### What is expected
Omit each picture as you copy the entries exactly.
#### Material provided ####
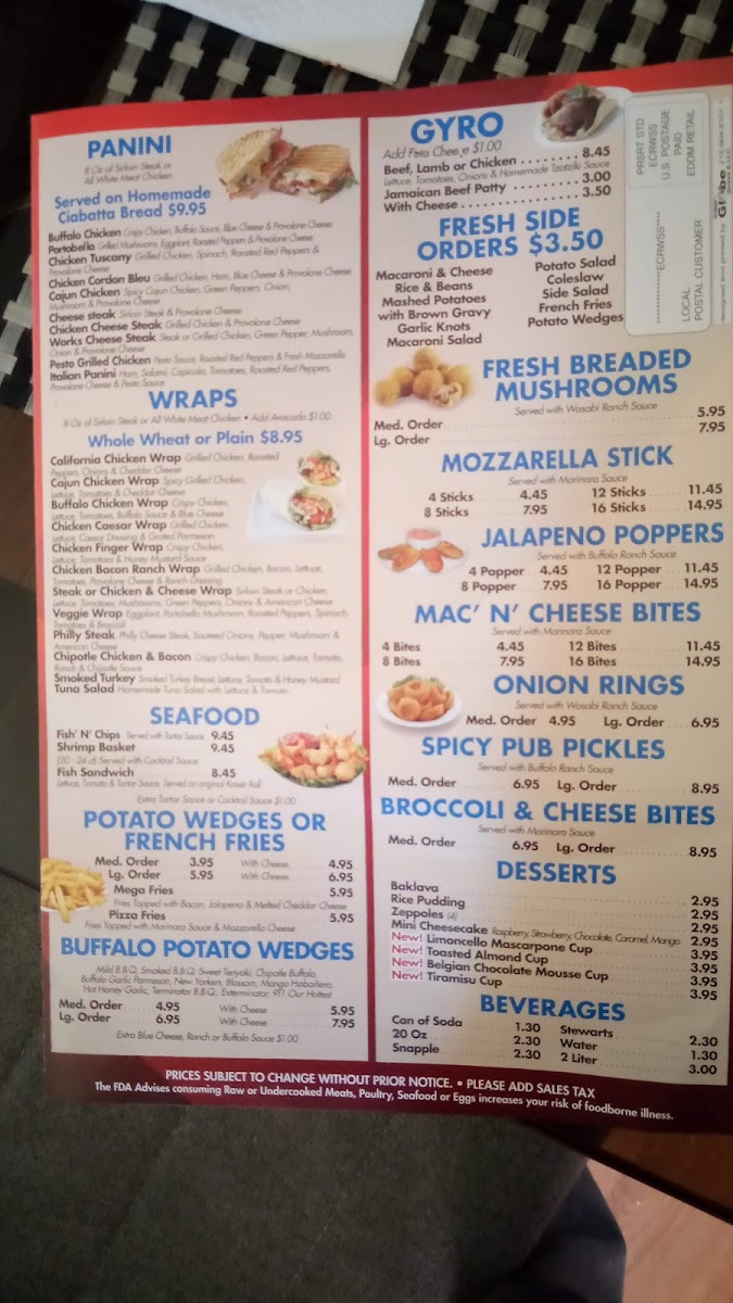 “ Bright cheerful place with all sorts of yummy food. Nice surprise walking in here. Definite step up for this small shopping plaza. Wings (several different sauces), pizza, cheese steak (chicken or beef), hot and cold subs, burgers, salads and more. A few small tables - mostly take out. Only one visit so far, but very positive: nice cheerful service, great wings. I'll be back! ”
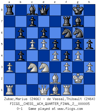 Last move : 0-1 2008 September 28 22:32:10 [Event "FICGS__CHESS__WCH_QUARTER_FINAL_2__000005"] [Site "FICGS"] [Date "2008.07.08"] [Round "7"] [White "Zubac,Marius"] [Black "de Vassal,Thibault"] [Result "0-1"] [WhiteElo "2466"] [BlackElo "2464"] 1.d4 Nf6 2.c4 g6 3.Nc3 Bg7 4.e4 d6 5.Nf3 O-O 6.Be2 e5 7.O-O Nc6 8.d5 Ne7 9.Ne1 Nd7 10.Nd3 f5 11.Bd2 Nf6 12.f3 f4 13.g4 g5 14.Be1 h5 15.h3 b6 16.Kg2 Rf7 17.b4 a5 18.a3 Ng6 19.c5 axb4 0-1 This chess game has been lost on time (started : 2008.07.08 16:48:36) King's Indian : Orthodox, Aronin-Taimanov variation (Yugoslav attack / Mar del Plata variation) Kingside Castling by player Black (move 5) Kingside Castling by player White (move 7) Player Black won this chess game. Follow this game move after move (download)A Chess game is divided into three stages: the first, when you hope you have the advantage, the second when you believe you have an advantage, and the third... when you know you're going to lose ! (Savielly Tartakower) Wenn du gegen Bobby spielst, ist es keine Frage von gewinnen oder verlieren. Es ist eine Frage des Überlebens. (Boris Vassilievich Spassky) Vive, pierde y aprende al observar a tu oponente como ganar. (Amber Steenbock) Tous ces prétendus hommes politiques sont les pions, les Cavaliers, les Tours ou les Fous d'une partie d'échecs qui se jouera tant qu'un hasard ne renversera pas l'échiquier. (Honoré de Balzac) The ego is not master in its own house. (Sigmund Freud)
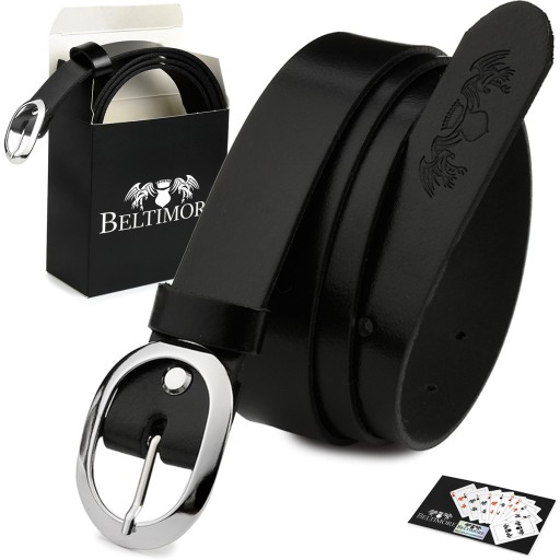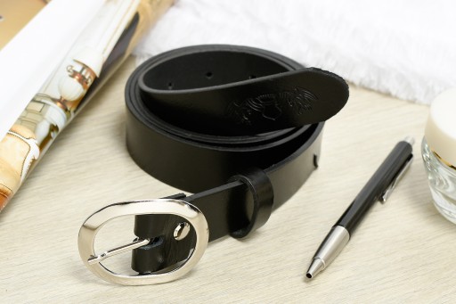 Piękny, skórzany, damski pasek do spodni marki Beltimore. Jest wytrzymały, solidny, w czarnym kolorze z bardzo wygodną i kontrastującą w srebrnym kolorze klamerką. Całość rewelacyjnie współgra ze sobą i wygląda bardzo elegancko.
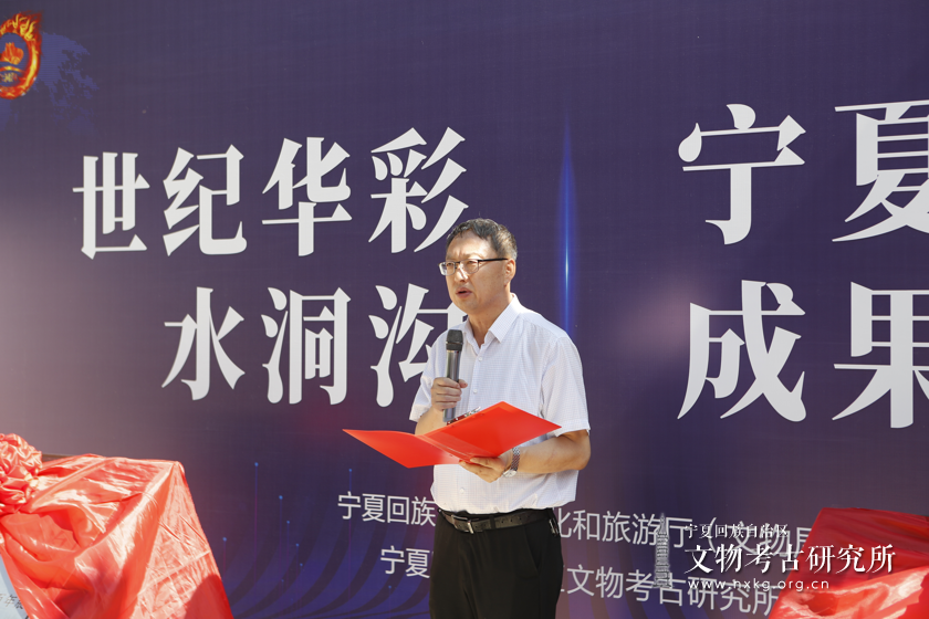 2023年8月7日上午,由自治区文化和旅游厅(文物局)主办、宁夏文物考古研究所承办的“世纪华彩水洞沟”暨“宁夏考古成果展”在承天寺塔大院开展。揭牌仪式由党支部书记高云峰主持,自治区文化和旅游厅党组成员、副厅长张玉进,文物保护与考古处处长张玉出席揭牌仪式。
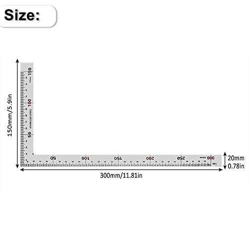 150 × 300 mm, Spessore 2mm, Righello Forma di L a Doppia, 90 Gradi Quadrato Acciaio Righello, Righello Quadrato a L, Righello a L in Acciaio Inossidabile, Righello a Forma di L, per Misurazione
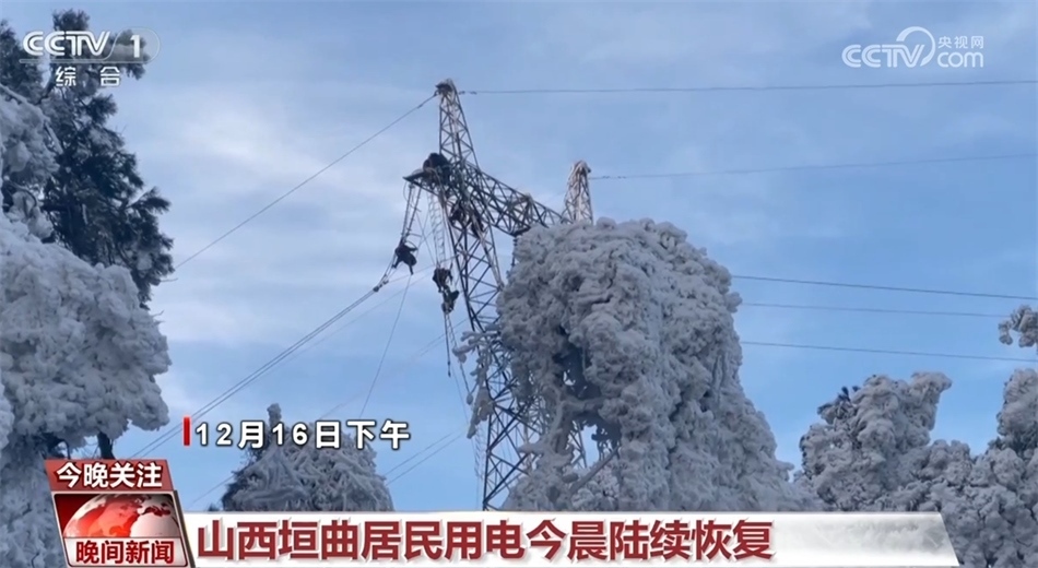 寒冬里,有人選擇向寒風(fēng)逆行,用自己的堅守給千家萬戶送去溫暖。13日傍晚,受降雪降溫天氣影響,山西省運(yùn)城市垣曲縣的4條輸電線路發(fā)生故障,導(dǎo)致全縣停電。經(jīng)過70多個小時搶修,截至12月17日7點(diǎn),受雨雪冰凍災(zāi)害影響的山西12座變電站已全部恢復(fù)供電,垣曲當(dāng)?shù)鼐用裼秒娨仓鸩交謴?fù)。
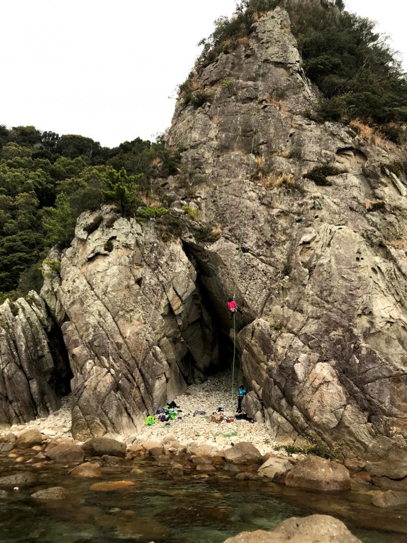 5m程下りると岩の先端にきたが、上からぶら下がっていると目指す方向が全然わからない。下から眺めるのとでは全く様子が違うから、すごく難しい。
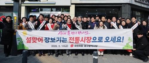 The Daegu City Chapter of the People Power Party visited traditional markets ahead of the Lunar New Year holiday to encourage merchants.
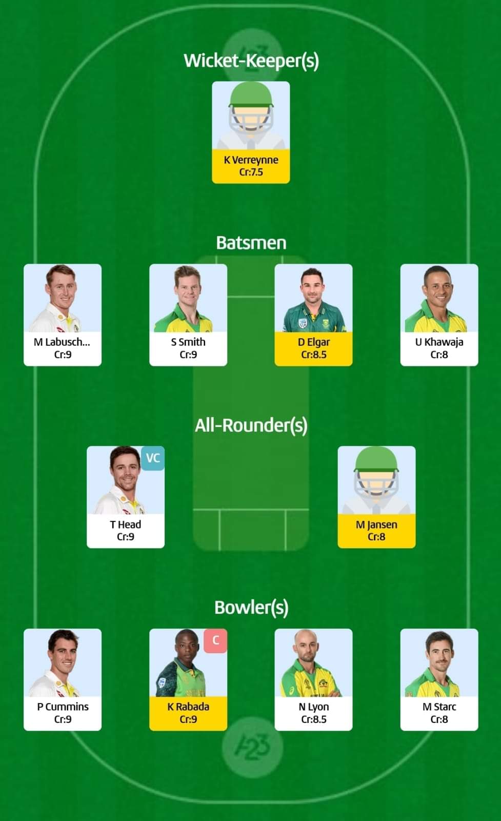 For grand leagues: Kagiso Rabada (Captain), Travis Head (vice-captain)
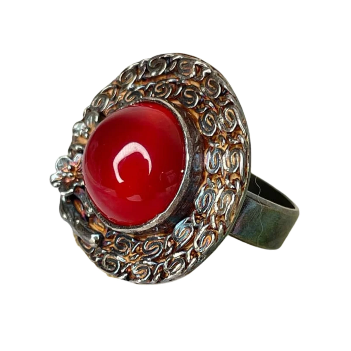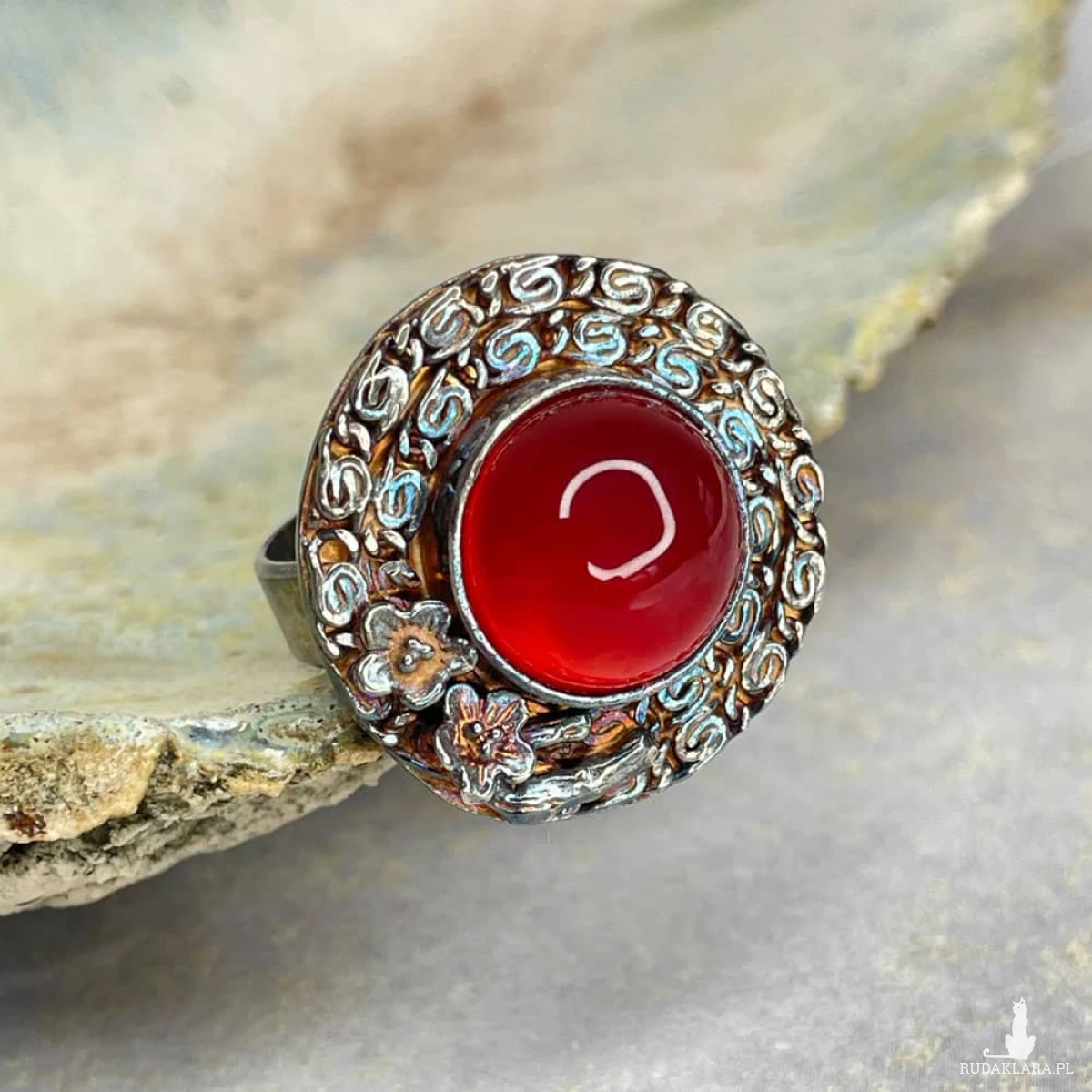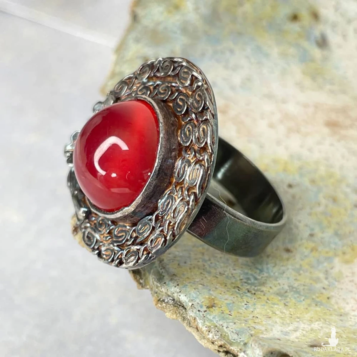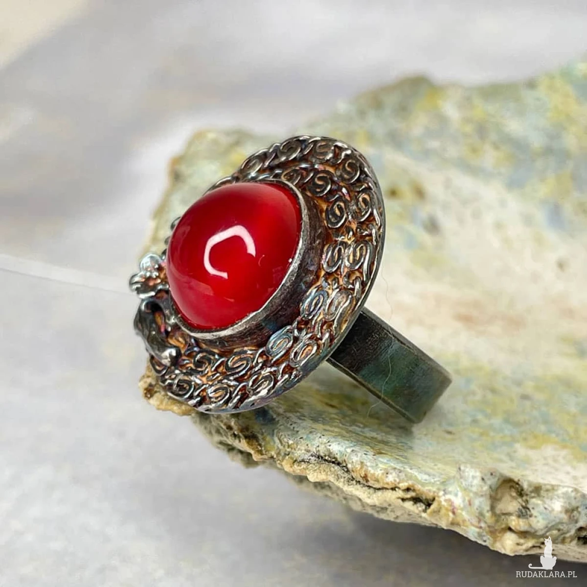Intensywna czerwień agatu przykuwa uwagę jak świetlista kropla zatopiona w bogato zdobionej, srebrnej oprawie. Delikatnie oksydowane elementy nadają pierścionkowi głębi i artystycznego wyrazu, subtelnie balansując między klasyczną elegancją a rzemieślniczym kunsztem. Ręczne wykonanie sprawia, że każda sztuka ma niepowtarzalny charakter i ponadczasowy wdzięk. To biżuteria dla kobiet poszukujących dodatków z charakterem - wyrazistych, a zarazem pełnych klasy i subtelności.
####
### Exercise output
 “ Bright cheerful place with all sorts of yummy food. Nice surprise walking in here. Definite step up for this small shopping plaza. Wings (several different sauces), pizza, cheese steak (chicken or beef), hot and cold subs, burgers, salads and more. A few small tables - mostly take out. Only one visit so far, but very positive: nice cheerful service, great wings. I'll be back! ”
 Last move : 0-1 2008 September 28 22:32:10 [Event "FICGS__CHESS__WCH_QUARTER_FINAL_2__000005"] [Site "FICGS"] [Date "2008.07.08"] [Round "7"] [White "Zubac,Marius"] [Black "de Vassal,Thibault"] [Result "0-1"] [WhiteElo "2466"] [BlackElo "2464"] 1.d4 Nf6 2.c4 g6 3.Nc3 Bg7 4.e4 d6 5.Nf3 O-O 6.Be2 e5 7.O-O Nc6 8.d5 Ne7 9.Ne1 Nd7 10.Nd3 f5 11.Bd2 Nf6 12.f3 f4 13.g4 g5 14.Be1 h5 15.h3 b6 16.Kg2 Rf7 17.b4 a5 18.a3 Ng6 19.c5 axb4 0-1 This chess game has been lost on time (started : 2008.07.08 16:48:36) King's Indian : Orthodox, Aronin-Taimanov variation (Yugoslav attack / Mar del Plata variation) Kingside Castling by player Black (move 5) Kingside Castling by player White (move 7) Player Black won this chess game. Follow this game move after move (download)A Chess game is divided into three stages: the first, when you hope you have the advantage, the second when you believe you have an advantage, and the third... when you know you're going to lose ! (Savielly Tartakower) Wenn du gegen Bobby spielst, ist es keine Frage von gewinnen oder verlieren. Es ist eine Frage des Überlebens. (Boris Vassilievich Spassky) Vive, pierde y aprende al observar a tu oponente como ganar. (Amber Steenbock) Tous ces prétendus hommes politiques sont les pions, les Cavaliers, les Tours ou les Fous d'une partie d'échecs qui se jouera tant qu'un hasard ne renversera pas l'échiquier. (Honoré de Balzac) The ego is not master in its own house. (Sigmund Freud)
 Piękny, skórzany, damski pasek do spodni marki Beltimore. Jest wytrzymały, solidny, w czarnym kolorze z bardzo wygodną i kontrastującą w srebrnym kolorze klamerką. Całość rewelacyjnie współgra ze sobą i wygląda bardzo elegancko.
 2023年8月7日上午,由自治区文化和旅游厅(文物局)主办、宁夏文物考古研究所承办的“世纪华彩水洞沟”暨“宁夏考古成果展”在承天寺塔大院开展。揭牌仪式由党支部书记高云峰主持,自治区文化和旅游厅党组成员、副厅长张玉进,文物保护与考古处处长张玉出席揭牌仪式。
 150 × 300 mm, Spessore 2mm, Righello Forma di L a Doppia, 90 Gradi Quadrato Acciaio Righello, Righello Quadrato a L, Righello a L in Acciaio Inossidabile, Righello a Forma di L, per Misurazione
 寒冬里,有人選擇向寒風(fēng)逆行,用自己的堅守給千家萬戶送去溫暖。13日傍晚,受降雪降溫天氣影響,山西省運(yùn)城市垣曲縣的4條輸電線路發(fā)生故障,導(dǎo)致全縣停電。經(jīng)過70多個小時搶修,截至12月17日7點(diǎn),受雨雪冰凍災(zāi)害影響的山西12座變電站已全部恢復(fù)供電,垣曲當(dāng)?shù)鼐用裼秒娨仓鸩交謴?fù)。
 5m程下りると岩の先端にきたが、上からぶら下がっていると目指す方向が全然わからない。下から眺めるのとでは全く様子が違うから、すごく難しい。
 The Daegu City Chapter of the People Power Party visited traditional markets ahead of the Lunar New Year holiday to encourage merchants.
 For grand leagues: Kagiso Rabada (Captain), Travis Head (vice-captain)
Intensywna czerwień agatu przykuwa uwagę jak świetlista kropla zatopiona w bogato zdobionej, srebrnej oprawie. Delikatnie oksydowane elementy nadają pierścionkowi głębi i artystycznego wyrazu, subtelnie balansując między klasyczną elegancją a rzemieślniczym kunsztem. Ręczne wykonanie sprawia, że każda sztuka ma niepowtarzalny charakter i ponadczasowy wdzięk. To biżuteria dla kobiet poszukujących dodatków z charakterem - wyrazistych, a zarazem pełnych klasy i subtelności.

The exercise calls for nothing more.